12/10/05 "Atlantic
Monthly" -- -- At some point—whether sooner or
later—U.S. troops will leave Iraq. I have spent much of the
occupation reporting from Baghdad, Kirkuk, Mosul, Fallujah,
and elsewhere in the country, and I can tell you that a
growing majority of Iraqis would like it to be sooner. As
the occupation wears on, more and more Iraqis chafe at its
failure to provide stability or even electricity, and they
have grown to hate the explosions, gunfire, and constant
war, and also the daily annoyances: having to wait hours in
traffic because the Americans have closed off half the city;
having to sit in that traffic behind a U.S. military vehicle
pointing its weapons at them; having to endure constant
searches and arrests. Before the January 30 elections this
year the Association of Muslim Scholars—Iraq's most
important Sunni Arab body, and one closely tied to the
indigenous majority of the insurgency—called for a
commitment to a timely U.S. withdrawal as a condition for
its participation in the vote. (In exchange the association
promised to rein in the resistance.) It's not just Sunnis
who have demanded a withdrawal: the Shiite cleric Muqtada
al-Sadr, who is immensely popular among the young and the
poor, has made a similar demand. So has the mainstream
leader of the Shiites' Supreme Council for the Islamic
Revolution in Iraq, Abdel Aziz al-Hakim, who made his first
call for U.S. withdrawal as early as April 23, 2003.

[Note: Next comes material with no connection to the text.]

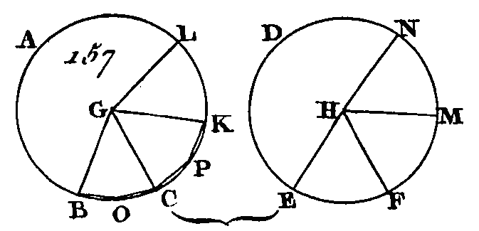 Puisque les arcs BC, CK, KL sont égaux entre eux, les angles BGC, CGH, KGL sont aussi égaux entre eux (prop. 27. III) : donc l'arc BL est multiple de Tare BC autant de fois que l'angle BGL est multiple de l'angle BGC. Par la même raison, l'arc EN est multiple de l'arc EF autant de fois que l'angle EHN est multiple de l'angle EHF. Donc si l'arc BL est égal à l'arc EN, l'angle BGL sera égal à l'angle EHN (prop. 27. III), si l'arc BL est plus grand que l'arc EN, l'angle BGL sera plus grand que l'angle EHN, et si l'arc BL est plus petit que l'arc EN, l'angle BGL sera plus petit que l'angle EHN. Ayant donc quatre quantités, savoir les arcs BC, EF et deux angles AGC, BHF, on a pris des équimultiples de l'arc BC et de l'angle BGL, savoir, l'arc BL et l'angle BGL; on a pris aussi des équimultiples de l'arc EF et de l'angle EHF, savoir, l'arc EN et l'angle EHN ; mais on a démontré que si l'arc BL surpasse l'arc EN, l'angle BGL surpassera l'angle EHN; que si l'arc BL est égal à l'arc EN, l'angle BGL sera égal à l'angle EHN, et que si Parc BL est plus petit que l'arc EN, l'angle BGL sera plus petit que l’angle EHN : donc l'arc BC est à l'arc EF comme l'angle BGC est à l'angle EHF (déf. 5. V); mais l'angle BGC est à l'angle EHF comme l'angle BAC est à l'angle EDF (prop. 15. V), car ils sont doubles les uns des autres (prop. 20. III) : donc l'arc BC est à l'arc EF comme l'angle BGC est à l'angle EHF, et comme l'angle BAC est à l'angle EDF. Donc dans des cercles égaux, les angles sont proportionnels aux arcs, soit que ces angles soient placés aux centres ou bien aux circonférences ; ce qu'il fallait démontrer. Je dis de plus que l'arc BC est à l'arc EF comme le secteur GBC est au secteur HEF. Menez les droites BC, CK (fig. 157), et ayant pris sur les arcs BC, CK, les points O, P, conduisez les droites BO, OC, CP, PK.

If the people the U.S. military is ostensibly protecting
want it to go, why do the soldiers stay? The most common
answer is that it would be irresponsible for the United
States to depart before some measure of peace has been
assured. The American presence, this argument goes, is the
only thing keeping Iraq from an all-out civil war that could
take millions of lives and would profoundly destabilize the
region. But is that really the case? Let's consider the key
questions surrounding the prospect of an imminent American
withdrawal.
Would the withdrawal of U.S. troops ignite a civil war
between Sunnis and Shiites?
No. That civil war is already under way—in large part
because of the American presence. The longer the United
States stays, the more it fuels Sunni hostility toward
Shiite "collaborators." Were America not in Iraq, Sunni
leaders could negotiate and participate without fear that
they themselves would be branded traitors and collaborators
by their constituents. Sunni leaders have said this in
official public statements; leaders of the resistance have
told me the same thing in private. The Iraqi government,
which is currently dominated by Shiites, would lose its
quisling stigma. Iraq's security forces, also primarily
Shiite, would no longer be working on behalf of foreign
infidels against fellow Iraqis, but would be able to
function independently and recruit Sunnis to a truly
national force. The mere announcement of an intended U.S.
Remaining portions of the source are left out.